The utterly incompetent prosecutors at the Department of Justice politely decline to indict HBSC or any of its present or former employees. Because, you know, things like this just happen and besides some of the responsible people don’t live here, and some of them got fired and others lost their bonuses, which is punishment enough. And anyway, we can’t indict unless we find evidence that someone specifically intended to aid money laundering. Or, as the simpering Lanny Breuer puts it:
“As bad as HSBC’s conduct was, this is not a case where the HSBC people intended — intended — to create money laundering,” he said. “They did not have the controls in place that they needed.”
One of the relevant statutes, 18 USC §1956, can be found here. In short, it’s a crime
“…knowing that the property involved in a financial transaction represents the proceeds of some form of unlawful activity, [to] conduct or attempt to conduct such a financial transaction which in fact involves the proceeds of specified unlawful activity [and]
…
(B) knowing that the transaction is designed in whole or in part—
(i) to conceal or disguise the nature, the location, the source, the ownership, or the control of the proceeds of specified unlawful activity; [grammatical changes to make readable.]
…
As used in this section—
(1) the term “knowing that the property involved in a financial transaction represents the proceeds of some form of unlawful activity” means that the person knew the property involved in the transaction represented proceeds from some form, though not necessarily which form, of activity that constitutes a felony under State, Federal, or foreign law, regardless of whether or not such activity is specified in paragraph (7);
…
(f) There is extraterritorial jurisdiction over the conduct prohibited by this section if—
(1) the conduct is by a United States citizen or, in the case of a non-United States citizen, the conduct occurs in part in the United States; and
(2) the transaction or series of related transactions involves funds or monetary instruments of a value exceeding $10,000.
Here’s an example of what HBSC and its employees did, taken from the Statement of Facts attached to the Deferred Prosecution Agreement (thanks, USA Today).
… [D]rug traffickers were depositing hundreds of thousands of dollars in bulk U.S. currency each day into HSBC Mexico accounts. In order to efficiently move this volume of cash through the teller windows at HSBC Mexico branches, drug traffickers designed specially shaped boxes that fit the precise dimensions of the teller windows. The drug traffickers would send numerous boxes filled with cash through the teller windows for deposit into HSBC Mexico accounts. After the cash was deposited in the accounts, peso brokers then wire transferred the U.S. dollars to various exporters located in New York City and other locations throughout the United States to purchase goods for Colombian businesses. The U.S. exporters then sent the goods directly to the businesses in Colombia.

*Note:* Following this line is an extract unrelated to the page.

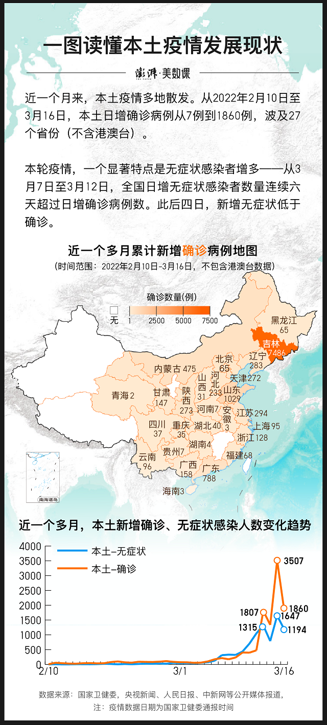 来源: 澎湃新闻 作者:澎湃视觉 陈志芳 晁嘉笙 王亚赛近一个月来,本土疫情多地散发。从2022年2月10日至3月16日,本土日增确诊病例从7例到1860例,波及27个省份(不含港澳台)。

HBSC admits that this is true in the Deferred Prosecution Agreement. Indicting the people who did this is apparently asking too much of these incompetent prosecutors. Here’s a clip of Lanny Breuer explaining (at about the 1:15 minute mark) that this agreement that no one is criminally liable is really a triumph of the prosecutorial art.
The reporters who go to press conferences like Breuer’s don’t know enough to ask Breuer and his crowd of incompetents which part of the statute they can’t prove. And why they can’t extradite and try anyone in any other country who was involved. The Statement of Facts is full of similar stories and identifies the kinds of people subject to indictment. And I bet the junior criminals would rat out their superiors in a heartbeat.
Breuer hides his bank love behind a statement of facts drafted to make it look like the only problems with this criminal money laundering business were mere negligent administrative screw-ups, and that’s nothing, now is it, Lanny? The clown prosecutors can’t imagine that a bunch of people thought they could make a huge pile of money laundering cash for drug cartels, terrorists and other scum of the earth. Now that they have slapped HSBC on the wrist, Lanny and his posse of lawyers who passed the bar on their third try can get back to work prosecuting pot smokers.
Knowing that his legal rationalizations are stupidly false, Breuer seeks the refuge of neoliberal apparatchiks: think of the jobs! Indicting this nest of rattlesnakes would lead to shutting down its US operations, costing jobs and disrupting the economy. That isn’t true either. Remember Riggs Bank? When it got caught doing a lot of the same stuff, it got clobbered, and shut down the criminal operation. The rest was absorbed into another bank. Why shouldn’t that happen to HSBC? Why shouldn’t we shut down their US operations?
The Obama administration regularly sacrifices the rule of law in adoration ceremonies to the Baals of the Financial Sector. The smoke rises to the heights proving their devotion, as the bag boys rush into the sacristy with some of that blessed money.




46 Comments

What the hell do you expect from a country where even those on the “Left” worship the gods of capitalism above all else ?
Where any talk of trashing it is considered sacrilege and treason.
While it might be a little late in the game to bring this small, insignificant fact to anyone’s attention, but:
Money might not be the most important thing in the world, but it sure beats the hell out of anything in second place.
Money makes the world of man go around.
You can hate it, but it’s a fact jack.
Over and out from planet reality.
Sigh…but you cannot eat money and it will not save you when in a predicament.
But go on and kneel before it if you must. Sacrifice you soul to it and those of the children as well.
Life, doremus35, is the most important thing in the world … sentient beings who do not care to understand, will not be around very long … however much they “believe” that their tenure assured.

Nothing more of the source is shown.